Notwithstanding the foregoing provisions, however, Xxxx shall maintain a Net
Worth of at least $35 million until the later of (a) December 31, 1999, or (b)
in the event any claim by Purchaser for indemnification under Article XI for a
breach of the warranties in Section 3.20 remains
47
56
unresolved, and outstanding as of December 31, 1999, the date on which such
claims are satisfied, resolved, withdrawn, or otherwise settled or discharged.
Xxxx agrees to deliver to Purchaser an annual certificate or other confirmation
of its independent auditors, and, from time to time at the request of
Purchaser, but not more frequently than once each calendar quarter, a
certificate of a manager or other authorized agent or employees of Xxxx,
confirming its compliance with the Aggregate Net Worth and Liquid Net Worth
requirements as set forth herein.
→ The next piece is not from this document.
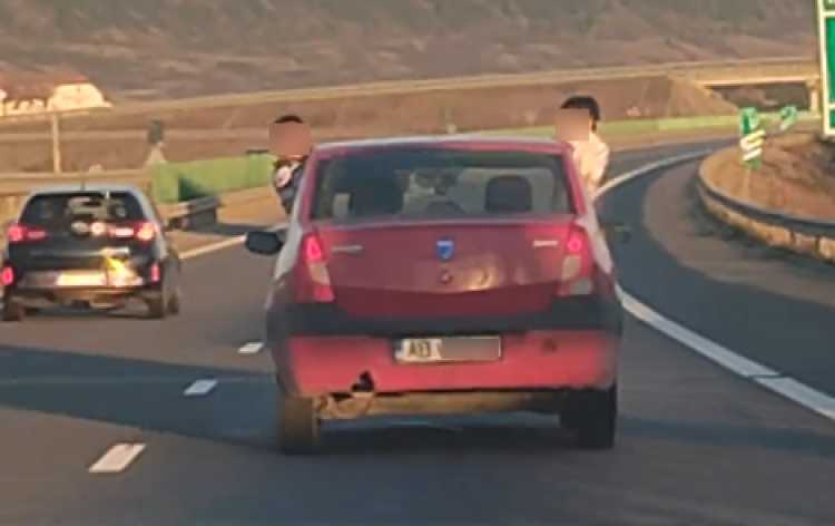 Doi minori au fost filmați în timp ce stau cu jumătate de corp în afara mașinii, în timp ce aceasta circulă cu viteză, pe Autostrada Transilvania.

Purchaser shall be entitled to the remedy of
specific performance with respect to the obligations of Xxxx under this Article
XII.
ARTICLE XIII
POST CLOSING COVENANTS
13.1 TAX MATTERS AGREEMENT. On the Closing Date
concurrently with the Closing, Holdings and Purchaser shall, and shall cause
Purchaser Sub and the members of the Dominick's Group to, execute and deliver
the Tax Matters Agreement, and Shareholders shall, and shall cause DDI and DPI
to, execute and deliver the Tax Matters Agreement.
13.2 COMPANY NAME CHANGE. Sellers shall retain the rights
to use the name "Xxxx" and, to effect the foregoing, promptly after the
Closing, the Purchaser shall cause the Company to change its name to a name
that does not include, or is not confusingly similar to, the word "Xxxx".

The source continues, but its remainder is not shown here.